Aim of the exercise
Strip out the pictures and output each remaining line of the data word for word.

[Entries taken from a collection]

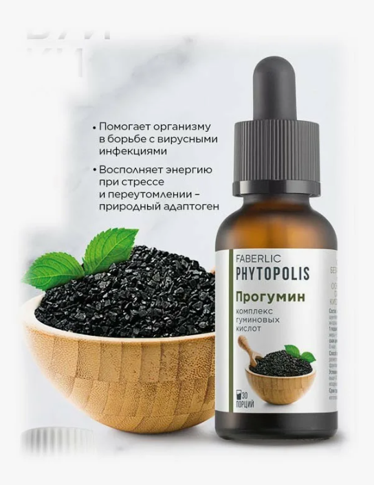 «Прогумин» - это концентрат напитка на основе комплекса гуминовых кислот от бренда Faberlic. Нужен для: * Снабжения организма недостающими компонентами для борьбы с внешними инфекциями. * Улучшения работы всех систем в организме. * Восполнения энергии при стрессе и переутомлении (природный адаптоген). Способ применения: 1 мл (10 капель) концентрата развести в 200 мл питьевой воды или фруктового сока. Принимать 1 раз в день. Перед применением любых добавок необходимо проконсультироваться со специалистом. Группа в ВК: https://vk.com/faberlic_vkirove Написать мне: https://vk.com/lyapunova_elena Актуальный каталог и регистрация тут: https://promofaberlic.com/737221524/catalog/sebe
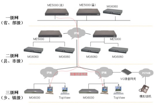 采用雙機熱備技術(shù),2臺ME5000通過IP網(wǎng)絡(局域網(wǎng)、廣域網(wǎng))在線熱備。出現(xiàn)意外情況時,備份ME5000將及時接替原MCU將會議繼續(xù)召開,不需要終端進行任何操作,保障會議延續(xù)。
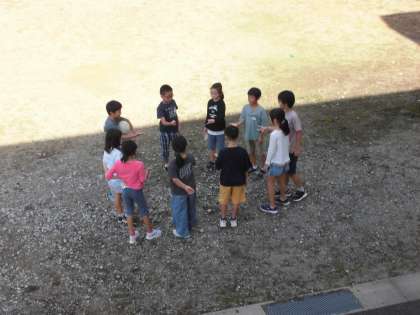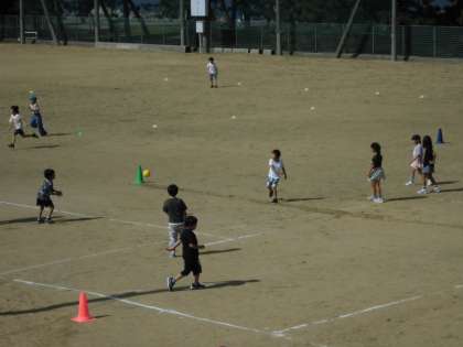 写真は、グラウンドで遊んでいる1年生と3年生です。
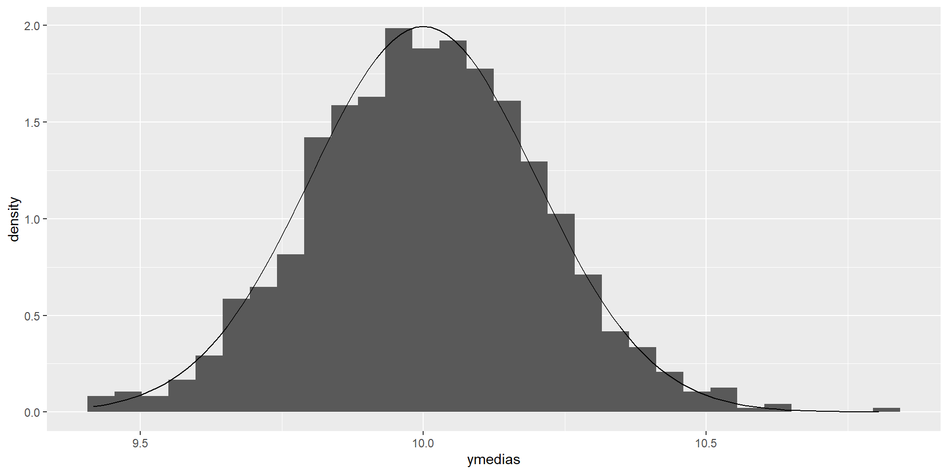 set.seed(820)# Un vector para guardar las medias calculadas. Haremos 1,000 cálculosreps <-1000ymedias <-numeric(reps)# En cada una de las 1000 repeticiones, obtendremos una muestra de tamaño 100for (i in1:reps){ sample<-rnorm(100,10,2) ymedias[i]<-mean(sample)}
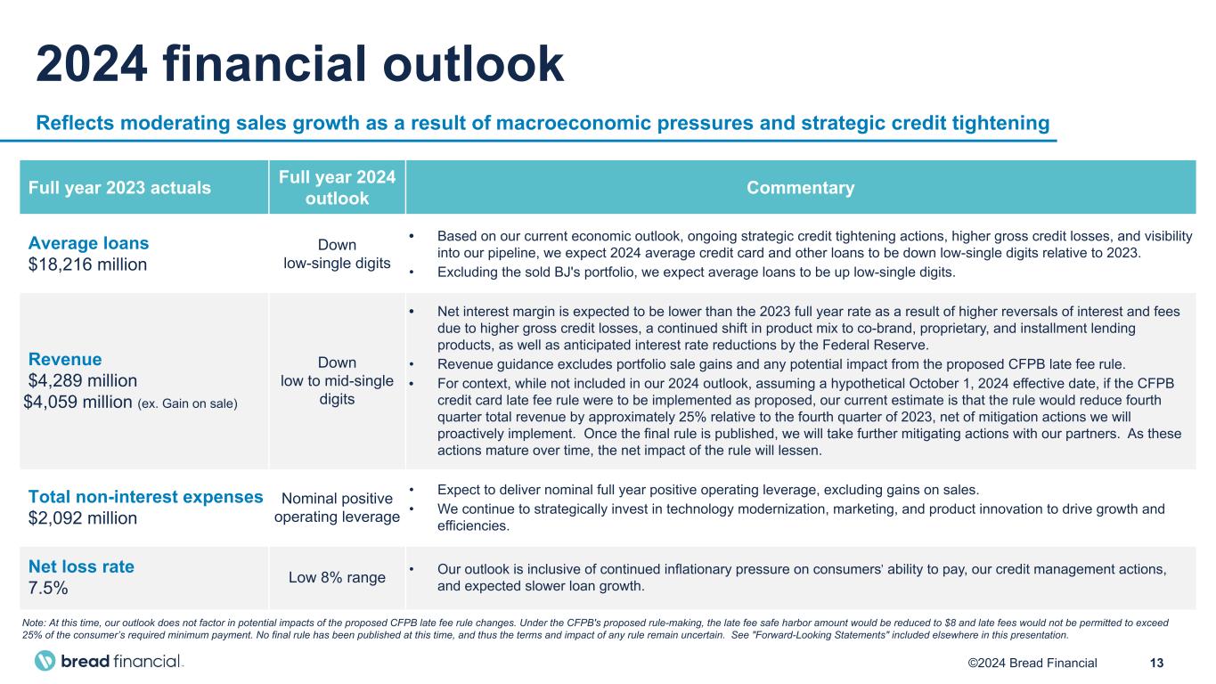 12©2024 Bread Financial Enhanced credit risk management and underlying credit distribution Strengthened balance sheet and funding mixStrong corporate governance Prudent balance sheet management Expense discipline Proactive risk management Active recession readiness playbook Enhanced core capabilities Strengthened financial resilience Bread Financial is positioned to perform well through a full economic cycle Loan loss reserve materially higher Capital ratios significantly improved Increased mix of direct-to-consumer deposits Reduced debt levels Diversification across products and partners Prudent and proactive line management Credit mix shift to higher quality over time Well-established risk appetite metrics
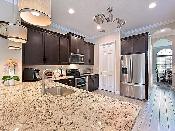 Welcome to this beautifully maintained pool home located in a small gated community with no CDD fees and low HOA. Built just 8 years ago, this spacious residence sits on an oversized homesite and offers over 3,000 sq ft of well-designed living space, including a den/office and a large bonus room – perfect for working from home or entertaining. Inside, you’ll find elegant touches throughout, including plank tile, crown moulding, quartz countertops, and 10-foot ceilings. The open-concept kitchen and living areas flow effortlessly out to a screened-in saltwater heated pool and extra large fenced backyard, ideal for relaxing or hosting gatherings. Other standout features include a tile roof, three car garage, paver walk ways, curb it surrounding the upgraded landscaping, and ample natural light throughout. All of this is nestled in a peaceful, private community just minutes from top-rated schools, shopping, and dining. Don’t miss the opportunity to own this exceptional home – schedule your private showing today!
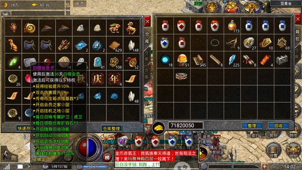 一路哼着小曲,主线很轻松的就做完啦。做完主线大概是70级左右,如果大部队还没有做完主线,可以找几个基友快速的扫荡一边可以击杀的BOSS,抢占先机,积累一定的基础装备,多余的装备还可以在比奇城装备回收员处回收,也能得到不少的经验和金币。
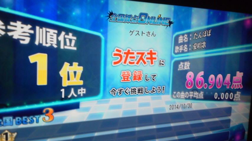 今回は採点機能付きだったので曲数少なめ。全国1位を2回とったよ!
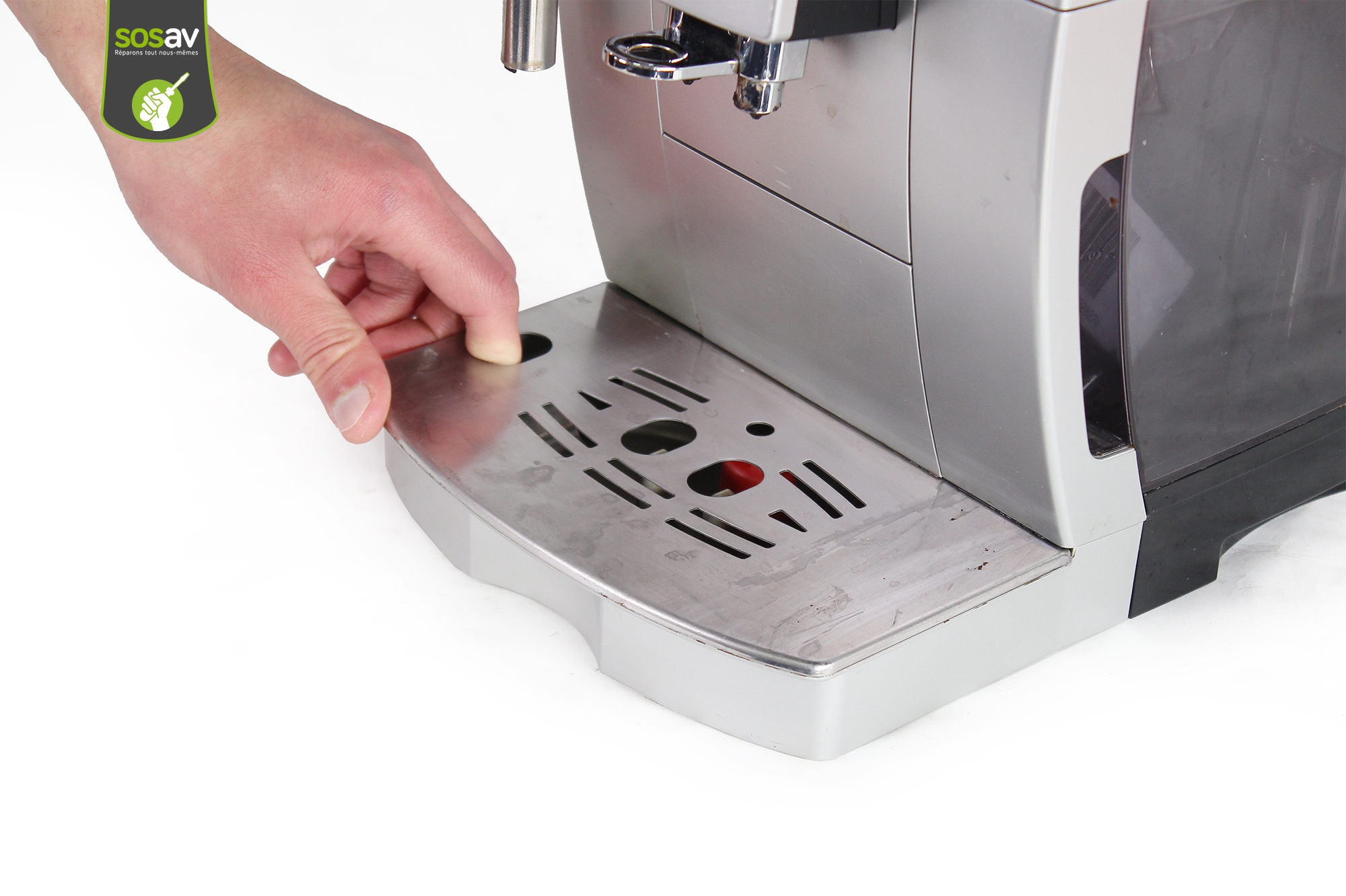 Votre machine à café Delonghi ECAM 23.420.SB déborde quand elle se purge car le tiroir qui récupère l'eau est trop plein ? Il faut le vider et le nettoyer ? Le tiroir d'arrivée d'eau s'est cassé suite à une mauvaise manipulation ? Pas de problème, SOSav est là pour vous montrer la manipulation à réaliser pour le changer en 5 minutes ! Grâce à ce guide de réparation, vous saurez comment procéder et pourrez continuer à profiter de votre machine espresso.
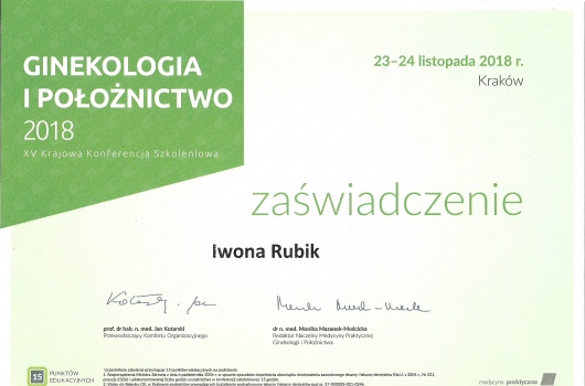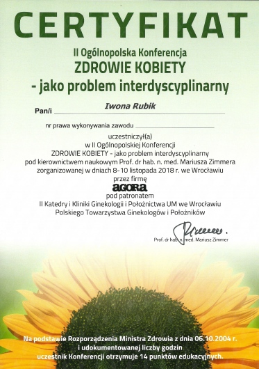 W 1995 uzyskałam I stopień specjalizacji z ginekologii i położnictwa, a następnie w 1999 II stopień specjalizacji w w/w dziedzinie.
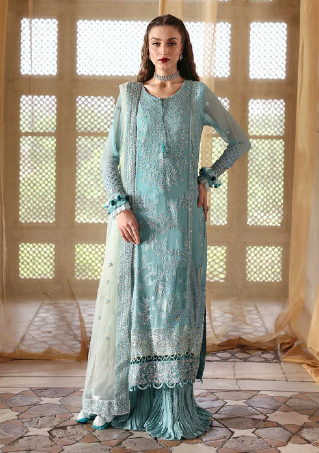 Outfit Type: Eastern Style: Gharara Color Type: Aqua Package Includes: 3 Piece Top , Bottom...
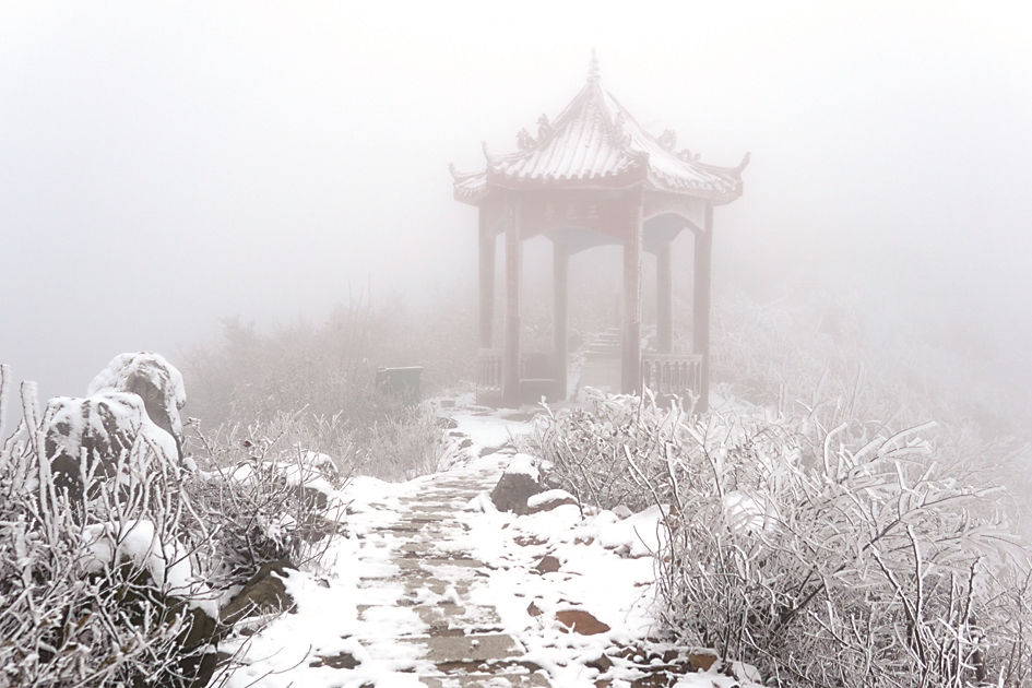 受冷空气影响,28日傍晚,渌口区蓬源仙迎来今冬第一场雪。次日清晨,人们一觉醒来,发现蓬源仙周围的树木、房屋都穿上了雪白的“新衣”,恰似一幅铺展在天地间的冰雪画卷。
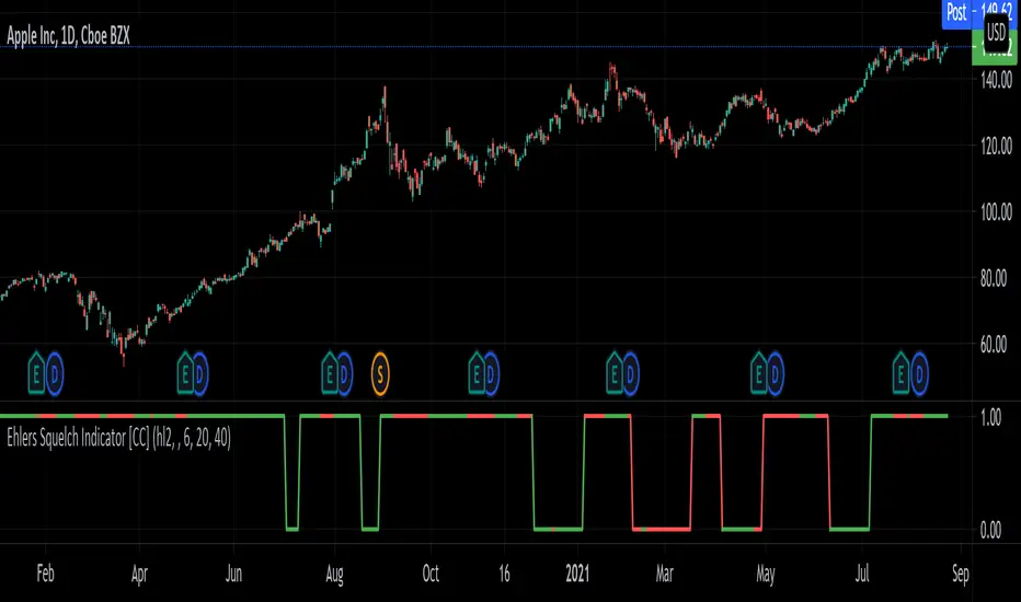 The Squelch Indicator was created by John Ehlers (Stocks & Commodities V. 18:9 (42-46)) and this indicator is a variation of his Market Mode Indicator and its purpose is the same as in it determines if the market is trending or in a choppy market. If this indicator is at the 1 level then this means the market is trending and if it is at 0 then the market is choppy. I would recommend to adjust the squelch variable to find a setting that works well for you. If you want to avoid more choppy markets then adjust the squelch variable to a lower amount and vice versa. I have included basic buy and sell signals so buy when the line turns green and sell when it turns red.
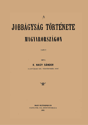 K. Nagy Sándor nagyváradi ügyvéd és törvényszéki bíró számtalan földrajzi és történeti munka szerzője volt. A kötetben a magyarországi jobbágyság történetét tárgyalja, amely a Tört., nép- és földr. Könyvtár sorozat 37. darabjaként jelent meg. irta K. Nagy Sándor ; kiadja Szabó Ferencz. - Nagy-Becskereken : Pleitz Fer. Pál könyvnyomdája, 1891.
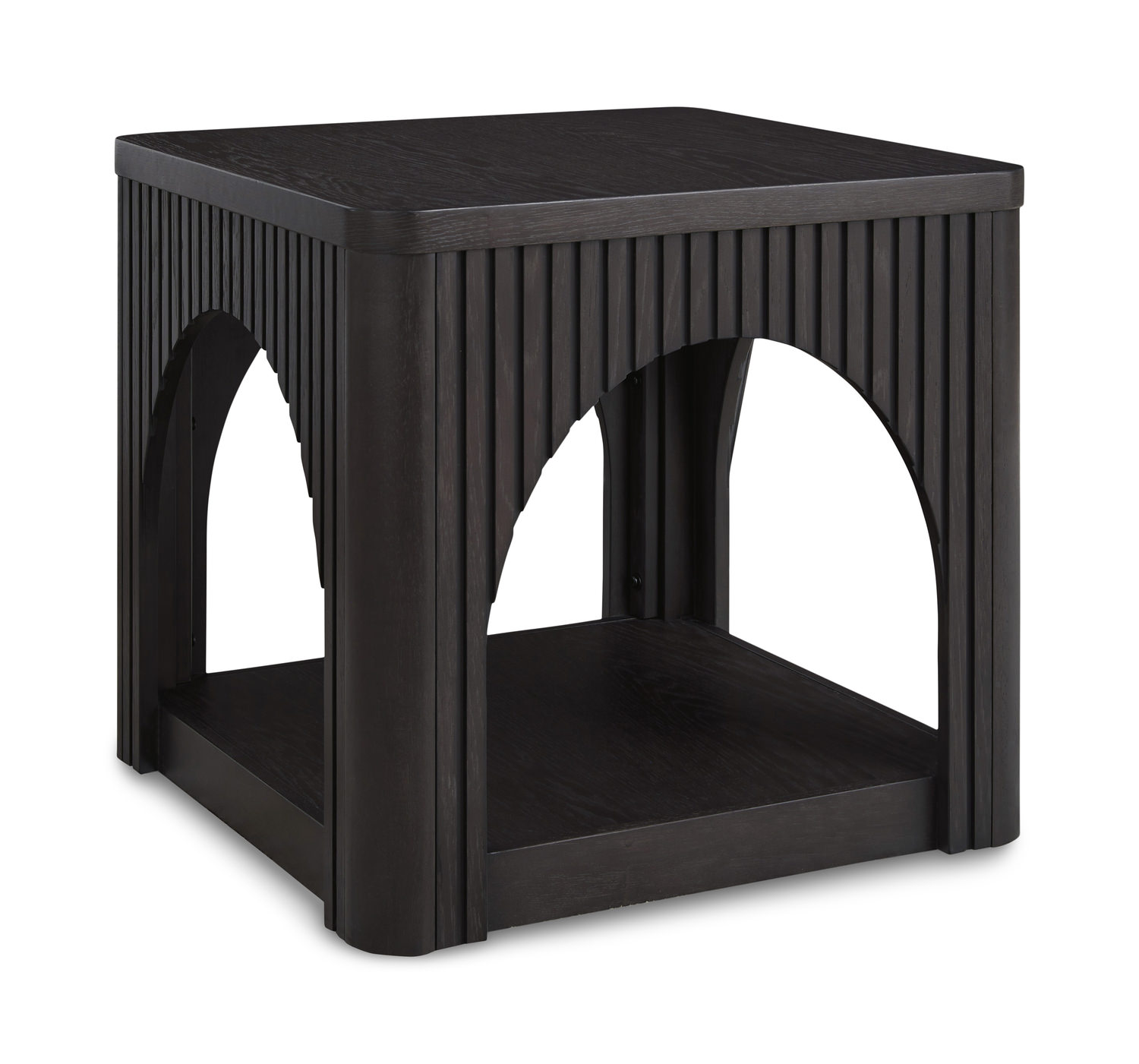 Looking to add a touch of sophistication and modern design to your living space? Look no further than the Kieran End Table from HOM Furniture! This architecturally designed masterpiece features unique arches and lattice details that will surely catch the eye of your guests. Made with a blend of hardwood, veneers, and MDF, this table boasts a beautiful dark black finish that exudes elegance. But wait, there's more! The Kieran End Table also comes with an open lower shelf that provides plenty of space for storage, making it not only a stylish addition to your home but a practical one too.
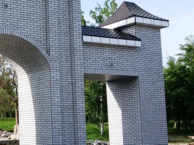 Сделаем отделку сложных радиусных арок и поверхностей стен, любым видом искусственного камня или облицовочной плитки (керамогранит, мрамор, клинкер, и т. д.). На фото колонна арочная, облицовка декоративной плиткой под кирпичную кладку светлого цвета.
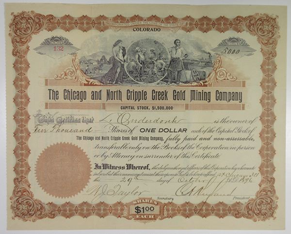 Colorado, 1896. 5,000 Shares I/U Capital Stock Certificate #132, Black text with brown border, Men at work in mine flanked by allegorical figures. Fine-VF condition.
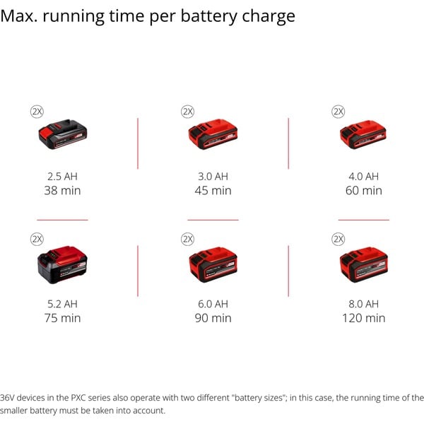 Betriebsspannung 36 Volt, 2 Akku-Steckplätze

Task response
 «Прогумин» - это концентрат напитка на основе комплекса гуминовых кислот от бренда Faberlic. Нужен для: * Снабжения организма недостающими компонентами для борьбы с внешними инфекциями. * Улучшения работы всех систем в организме. * Восполнения энергии при стрессе и переутомлении (природный адаптоген). Способ применения: 1 мл (10 капель) концентрата развести в 200 мл питьевой воды или фруктового сока. Принимать 1 раз в день. Перед применением любых добавок необходимо проконсультироваться со специалистом. Группа в ВК: https://vk.com/faberlic_vkirove Написать мне: https://vk.com/lyapunova_elena Актуальный каталог и регистрация тут: https://promofaberlic.com/737221524/catalog/sebe
 采用雙機熱備技術(shù),2臺ME5000通過IP網(wǎng)絡(局域網(wǎng)、廣域網(wǎng))在線熱備。出現(xiàn)意外情況時,備份ME5000將及時接替原MCU將會議繼續(xù)召開,不需要終端進行任何操作,保障會議延續(xù)。
 写真は、グラウンドで遊んでいる1年生と3年生です。
 set.seed(820)# Un vector para guardar las medias calculadas. Haremos 1,000 cálculosreps <-1000ymedias <-numeric(reps)# En cada una de las 1000 repeticiones, obtendremos una muestra de tamaño 100for (i in1:reps){ sample<-rnorm(100,10,2) ymedias[i]<-mean(sample)}
 12©2024 Bread Financial Enhanced credit risk management and underlying credit distribution Strengthened balance sheet and funding mixStrong corporate governance Prudent balance sheet management Expense discipline Proactive risk management Active recession readiness playbook Enhanced core capabilities Strengthened financial resilience Bread Financial is positioned to perform well through a full economic cycle Loan loss reserve materially higher Capital ratios significantly improved Increased mix of direct-to-consumer deposits Reduced debt levels Diversification across products and partners Prudent and proactive line management Credit mix shift to higher quality over time Well-established risk appetite metrics
 Welcome to this beautifully maintained pool home located in a small gated community with no CDD fees and low HOA. Built just 8 years ago, this spacious residence sits on an oversized homesite and offers over 3,000 sq ft of well-designed living space, including a den/office and a large bonus room – perfect for working from home or entertaining. Inside, you’ll find elegant touches throughout, including plank tile, crown moulding, quartz countertops, and 10-foot ceilings. The open-concept kitchen and living areas flow effortlessly out to a screened-in saltwater heated pool and extra large fenced backyard, ideal for relaxing or hosting gatherings. Other standout features include a tile roof, three car garage, paver walk ways, curb it surrounding the upgraded landscaping, and ample natural light throughout. All of this is nestled in a peaceful, private community just minutes from top-rated schools, shopping, and dining. Don’t miss the opportunity to own this exceptional home – schedule your private showing today!
 一路哼着小曲,主线很轻松的就做完啦。做完主线大概是70级左右,如果大部队还没有做完主线,可以找几个基友快速的扫荡一边可以击杀的BOSS,抢占先机,积累一定的基础装备,多余的装备还可以在比奇城装备回收员处回收,也能得到不少的经验和金币。
 今回は採点機能付きだったので曲数少なめ。全国1位を2回とったよ!
 Votre machine à café Delonghi ECAM 23.420.SB déborde quand elle se purge car le tiroir qui récupère l'eau est trop plein ? Il faut le vider et le nettoyer ? Le tiroir d'arrivée d'eau s'est cassé suite à une mauvaise manipulation ? Pas de problème, SOSav est là pour vous montrer la manipulation à réaliser pour le changer en 5 minutes ! Grâce à ce guide de réparation, vous saurez comment procéder et pourrez continuer à profiter de votre machine espresso.
 W 1995 uzyskałam I stopień specjalizacji z ginekologii i położnictwa, a następnie w 1999 II stopień specjalizacji w w/w dziedzinie.
 Outfit Type: Eastern Style: Gharara Color Type: Aqua Package Includes: 3 Piece Top , Bottom...
 受冷空气影响,28日傍晚,渌口区蓬源仙迎来今冬第一场雪。次日清晨,人们一觉醒来,发现蓬源仙周围的树木、房屋都穿上了雪白的“新衣”,恰似一幅铺展在天地间的冰雪画卷。
 The Squelch Indicator was created by John Ehlers (Stocks & Commodities V. 18:9 (42-46)) and this indicator is a variation of his Market Mode Indicator and its purpose is the same as in it determines if the market is trending or in a choppy market. If this indicator is at the 1 level then this means the market is trending and if it is at 0 then the market is choppy. I would recommend to adjust the squelch variable to find a setting that works well for you. If you want to avoid more choppy markets then adjust the squelch variable to a lower amount and vice versa. I have included basic buy and sell signals so buy when the line turns green and sell when it turns red.
 K. Nagy Sándor nagyváradi ügyvéd és törvényszéki bíró számtalan földrajzi és történeti munka szerzője volt. A kötetben a magyarországi jobbágyság történetét tárgyalja, amely a Tört., nép- és földr. Könyvtár sorozat 37. darabjaként jelent meg. irta K. Nagy Sándor ; kiadja Szabó Ferencz. - Nagy-Becskereken : Pleitz Fer. Pál könyvnyomdája, 1891.
 Looking to add a touch of sophistication and modern design to your living space? Look no further than the Kieran End Table from HOM Furniture! This architecturally designed masterpiece features unique arches and lattice details that will surely catch the eye of your guests. Made with a blend of hardwood, veneers, and MDF, this table boasts a beautiful dark black finish that exudes elegance. But wait, there's more! The Kieran End Table also comes with an open lower shelf that provides plenty of space for storage, making it not only a stylish addition to your home but a practical one too.
 Сделаем отделку сложных радиусных арок и поверхностей стен, любым видом искусственного камня или облицовочной плитки (керамогранит, мрамор, клинкер, и т. д.). На фото колонна арочная, облицовка декоративной плиткой под кирпичную кладку светлого цвета.
 Colorado, 1896. 5,000 Shares I/U Capital Stock Certificate #132, Black text with brown border, Men at work in mine flanked by allegorical figures. Fine-VF condition.
 Betriebsspannung 36 Volt, 2 Akku-Steckplätze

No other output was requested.